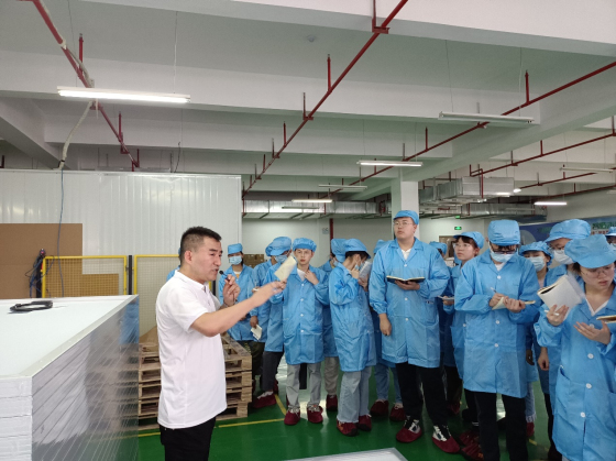 生产主管付志强带领学生们参观了生产产线展区及电站,他先跟学生们强调了注意事项,随后依次介绍了
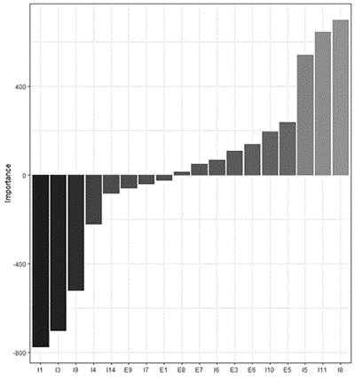 Through Spearman’s method, a correlation greater than 0.7 is shown between variables I2 and I4, I12 and I13, I2 and I14, I13 and I14, E2 and E4. Additionally, variables E1 and E2; E1 and E4 show a correlation of less than -0.7. Thus, it was necessary to exclude some variables. For the model development, variables I2, I12, I13, E2, and E4 were excluded - as these presented a higher correlation with other used variables - in order to reduce the redundancy of the model.
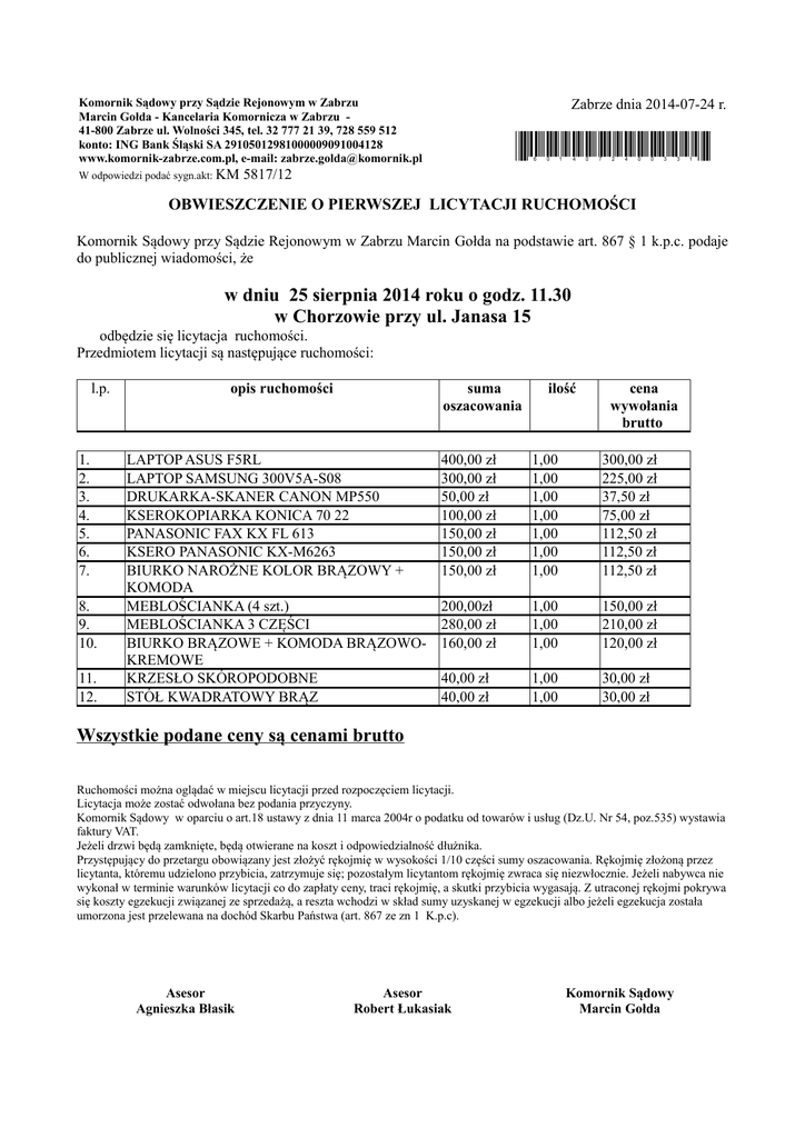 Komornik Sądowy przy Sądzie Rejonowym w Zabrzu Marcin Gołda - Kancelaria Komornicza w Zabrzu 41-800 Zabrze ul. Wolności 345, tel. 32 777 21 39, 728 559 512 konto: ING Bank Śląski SA 29105012981000009091004128 www.komornik-zabrze.com.pl, e-mail: [email protected] W odpowiedzi podać sygn.akt: KM Zabrze dnia 2014-07-24 r. *6014072400331* 5817/12 OBWIESZCZENIE O PIERWSZEJ LICYTACJI RUCHOMOŚCI Komornik Sądowy przy Sądzie Rejonowym w Zabrzu Marcin Gołda na podstawie art. 867 § 1 k.p.c. podaje do publicznej wiadomości, że w dniu 25 sierpnia 2014 roku o godz. 11.30 w Chorzowie przy ul. Janasa 15 odbędzie się licytacja ruchomości. Przedmiotem licytacji są następujące ruchomości: l.p. 1. 2. 3. 4. 5. 6. 7. 8. 9. 10. 11. 12. opis ruchomości suma oszacowania LAPTOP ASUS F5RL LAPTOP SAMSUNG 300V5A-S08 DRUKARKA-SKANER CANON MP550 KSEROKOPIARKA KONICA 70 22 PANASONIC FAX KX FL 613 KSERO PANASONIC KX-M6263 BIURKO NAROŻNE KOLOR BRĄZOWY + KOMODA MEBLOŚCIANKA (4 szt.) MEBLOŚCIANKA 3 CZĘŚCI BIURKO BRĄZOWE + KOMODA BRĄZOWOKREMOWE KRZESŁO SKÓROPODOBNE STÓŁ KWADRATOWY BRĄZ ilość cena wywołania brutto 400,00 zł 300,00 zł 50,00 zł 100,00 zł 150,00 zł 150,00 zł 150,00 zł 1,00 1,00 1,00 1,00 1,00 1,00 1,00 300,00 zł 225,00 zł 37,50 zł 75,00 zł 112,50 zł 112,50 zł 112,50 zł 200,00zł 280,00 zł 160,00 zł 1,00 1,00 1,00 150,00 zł 210,00 zł 120,00 zł 40,00 zł 40,00 zł 1,00 1,00 30,00 zł 30,00 zł Wszystkie podane ceny są cenami brutto Ruchomości można oglądać w miejscu licytacji przed rozpoczęciem licytacji. Licytacja może zostać odwołana bez podania przyczyny. Komornik Sądowy w oparciu o art.18 ustawy z dnia 11 marca 2004r o podatku od towarów i usług (Dz.U. Nr 54, poz.535) wystawia faktury VAT. Jeżeli drzwi będą zamknięte, będą otwierane na koszt i odpowiedzialność dłużnika. Przystępujący do przetargu obowiązany jest złożyć rękojmię w wysokości 1/10 części sumy oszacowania. Rękojmię złożoną przez licytanta, któremu udzielono przybicia, zatrzymuje się; pozostałym licytantom rękojmię zwraca się niezwłocznie. Jeżeli nabywca nie wykonał w terminie warunków licytacji co do zapłaty ceny, traci rękojmię, a skutki przybicia wygasają. Z utraconej rękojmi pokrywa się koszty egzekucji związanej ze sprzedażą, a reszta wchodzi w skład sumy uzyskanej w egzekucji albo jeżeli egzekucja została umorzona jest przelewana na dochód Skarbu Państwa (art. 867 ze zn 1 K.p.c). Asesor Agnieszka Błasik Asesor Robert Łukasiak Komornik Sądowy Marcin Gołda

- WORK REQUEST -
Take the lines from the start of the listing above through the line with "Through Spearman’s method, a", both ends included, and copy them exactly, leaving the pictures behind.

- RESULT BELOW -
 生产主管付志强带领学生们参观了生产产线展区及电站,他先跟学生们强调了注意事项,随后依次介绍了
 Through Spearman’s method, a correlation greater than 0.7 is shown between variables I2 and I4, I12 and I13, I2 and I14, I13 and I14, E2 and E4. Additionally, variables E1 and E2; E1 and E4 show a correlation of less than -0.7. Thus, it was necessary to exclude some variables. For the model development, variables I2, I12, I13, E2, and E4 were excluded - as these presented a higher correlation with other used variables - in order to reduce the redundancy of the model.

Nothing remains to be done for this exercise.